Afolabi noted that the SIGI 2019 category and value, ranked Nigeria 46 out of 100 and the UNDP human development index value ranked Nigeria 157 out of 189.

She said that the absence of political will was partly responsible for the lack of response to a cohesive set of demands pushed by women.

Afolabi identified lack of organised movement that would push for the actualisation of women’s demand as a reason why women had been rendered invisible in policymaking.

She said with this in mind, the 2019 National Dialogue would be organised with a conviction that there was an urgent need for a broad-based set of agreed demands that captured the common vision of women.

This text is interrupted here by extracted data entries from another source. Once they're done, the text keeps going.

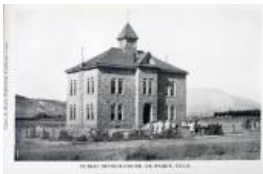
de Beque Public Schoolhouse (2022.25.2)
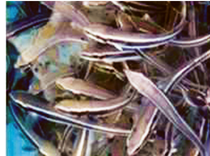
Fingerlings ready for stocking in grow out cages
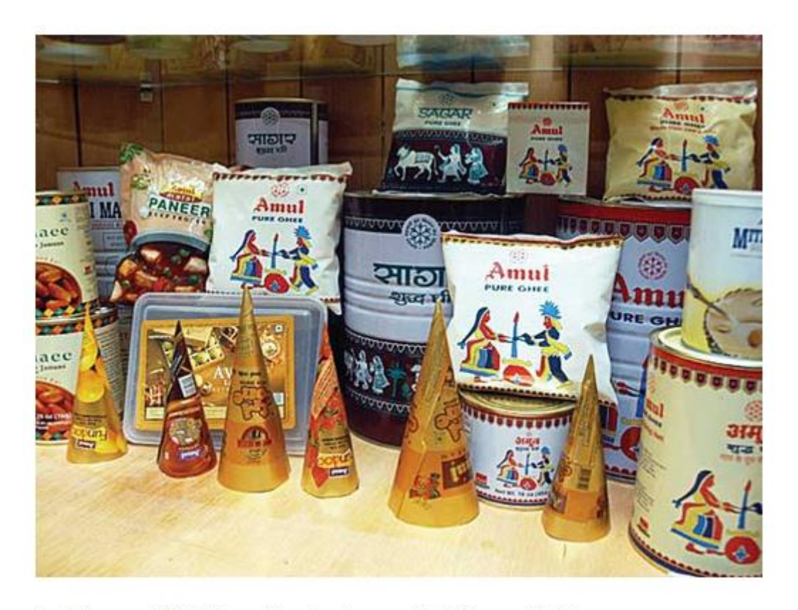
Amul: Turnover of GCMMF has registered quantum growth of 238 per cent in last seven years

BS Reporter | Ahmedabad June 15, 2017 Last Updated at 17:35 IST

“Womanifesto2019” is a coherently articulated set of demands that will galvanise into a push for action to actualise Nigerian Women Charter of demands on all institutions of government, the private sector and society at large.

“Participants will be drawn from women groups, market women, collectives, civil societies, faith-based and community-based associations, entrepreneurs, professionals, social media influencers and women within the labour workforce,’’ she explained.

Afolabi said that the conference would address and seek to enhance the voice, participation and protection of Nigerian Women by consolidating women’s collective struggle.

This she said would end gender-based violence, poverty, insecurity, abuse of women’s sexual and reproductive rights and rights to participate in politics.

“We can no longer be second class citizens in our land. We must move collectively to end the continued oppression of our bodily integrity,” she said.